Legend of Cocaine Island Review: Netflix Doc Is Funny But Mean

If every society gets the El Dorado myth it deserves, then I regret to inform you that director Theo Love’s Netflix documentary The Legend of Cocaine Island is probably ours. It’s a story of greed, unwarranted optimism and incredibly poor judgment, all in service of a get-rich-quick scheme that would’ve been absurd even if it hadn’t been highly illegal. And its hero is none other than “the world’s worst superhero,” local news headline ubiquity Florida Man.

Florida Man takes many forms; in Cocaine Island, he’s Rodney Hyden, the self-made owner of a construction company that once boasted 80 employees. He lives in Archer, a tiny city near the center of the state that an eloquent neighbor muses is “not the end of the world, but we can see it from here.” After many prosperous years, the economic meltdown of the late 2000s suddenly pushes Rodney and his family into seven-figure debt. In hopes of recovering, he does something that he now admits was extremely stupid: He hatches a plan to find, transport and sell $2 million worth of cocaine that Archer’s resident hippie, Julian, claims to have buried on the beach in Culebra, Puerto Rico years earlier.

Rodney is sharp enough to realize that he won’t be able to smuggle such a large quantity of drugs on his own. But it never occurs to him that enlisting a local dealer to connect him with a trafficker several links up the chain—or that said criminal may have a hidden agenda in offering to help move the coke in return for a modest cut of the profits—might be a bad idea. So, with his opioid-addicted buddy Andy in tow, Rodney flies to Culebra and starts digging. Somehow, the adventure doesn’t go quite according to plan.

Cocaine Island is a jaw-dropping portrait of a man who can’t stop making catastrophic decisions. (Some of these judgment calls seem downright unbelievable, and Love admits in onscreen text that he wasn’t able to independently verify all aspects of the story.) While he raises a few worthwhile questions about the American dream and the priorities of law enforcement in our never-ending war on drugs, Love prefers to highlight the funny aspects of the debacle—of which there are, obviously, many.

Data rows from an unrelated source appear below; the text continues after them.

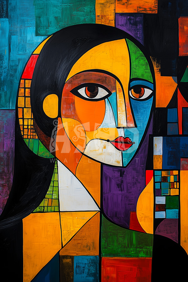 An expressive cubist-style portrait of a woman with vivid shapes and bold color fields. Printed on durable vinyl and mounted on thick MDF wood panel—resistant to water and dust, perfect for bold interiors.
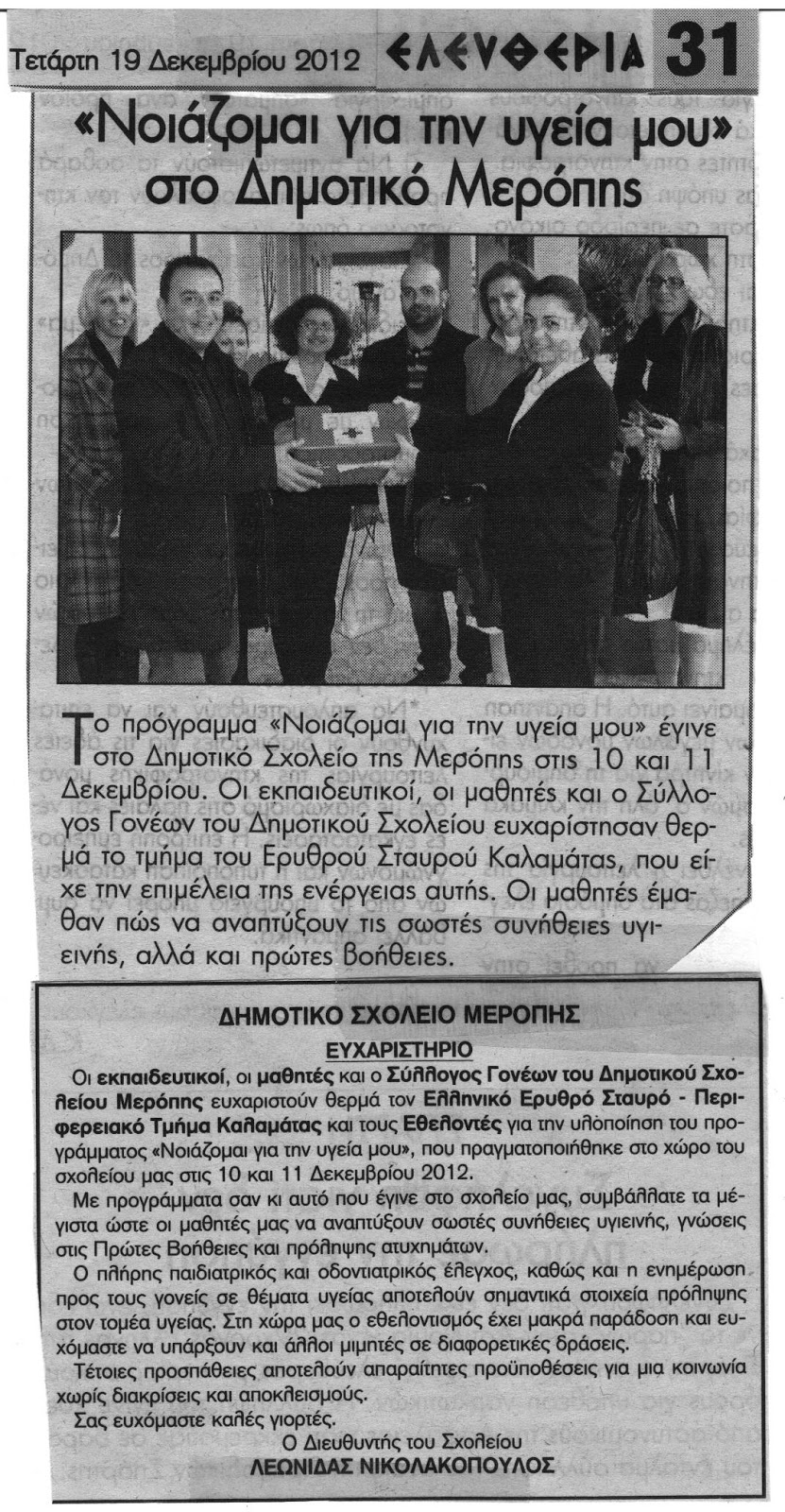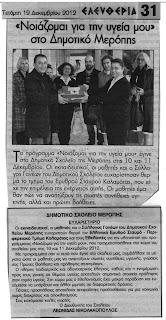 Στα πλαίσια του προγράμματος “Νοιάζομαι για την υγεία μου” που γίνεται από τον Ελληνικό Ερυθρό Σταυρό σε σχολεία απομακρυσμένων περιοχών επισκέφτηκε χτες το σχολείο μας μια επιστημονική ομάδα αποτελούμενη από παιδίατρο, οδοντίατρο και νοσηλεύτρια-επισκέπτρια υγείας,καθώς και εθελοντές που βοήθησαν στη διαδικασία.Οι δάσκαλοι και οι μαθητές τους ευχαριστούμε πολύ!
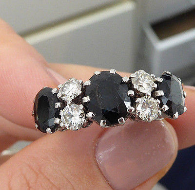 Lovely 18ct Gold 0.8ct Diamond & 2.30ct Sapphire Large Art Deco Ring
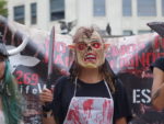 - Феминистски с трапспарантом «Животные не продукты, вещи, рабы. Уважай жизнь!»
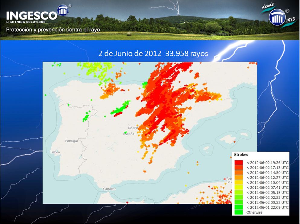 • Los días tormentosos más activos han sido el 19 y 20 de mayo , junto con los días 1, 2 y 3 de junio, batiéndose el récord de descargas registradas el dia 2 de junio con mas de 30.000 rayos contabilizados.

The results are certainly entertaining. But there’s an undeniable mean-spiritedness to the movie, too. Apparently unsatisfied with the dark comedy baked into the men’s tale, the director openly mocks Rodney’s ignorance. He brags about “talkin’ that smack, that drug talk.” In reenactments where he plays himself (in both senses of the term), we see him typing “cocayn” into a search engine and doing Scarface impressions. Even worse is the way Love plays Andy’s druggy mannerisms for laughs. This reveling in the misfortunes of desperate people is a staple of Florida Man humor, and it gets exploitative fast. Did I chuckle? Sure. But as the credits rolled, I felt dirtier than a gym bag full of white powder encased in two decades’ worth of sand.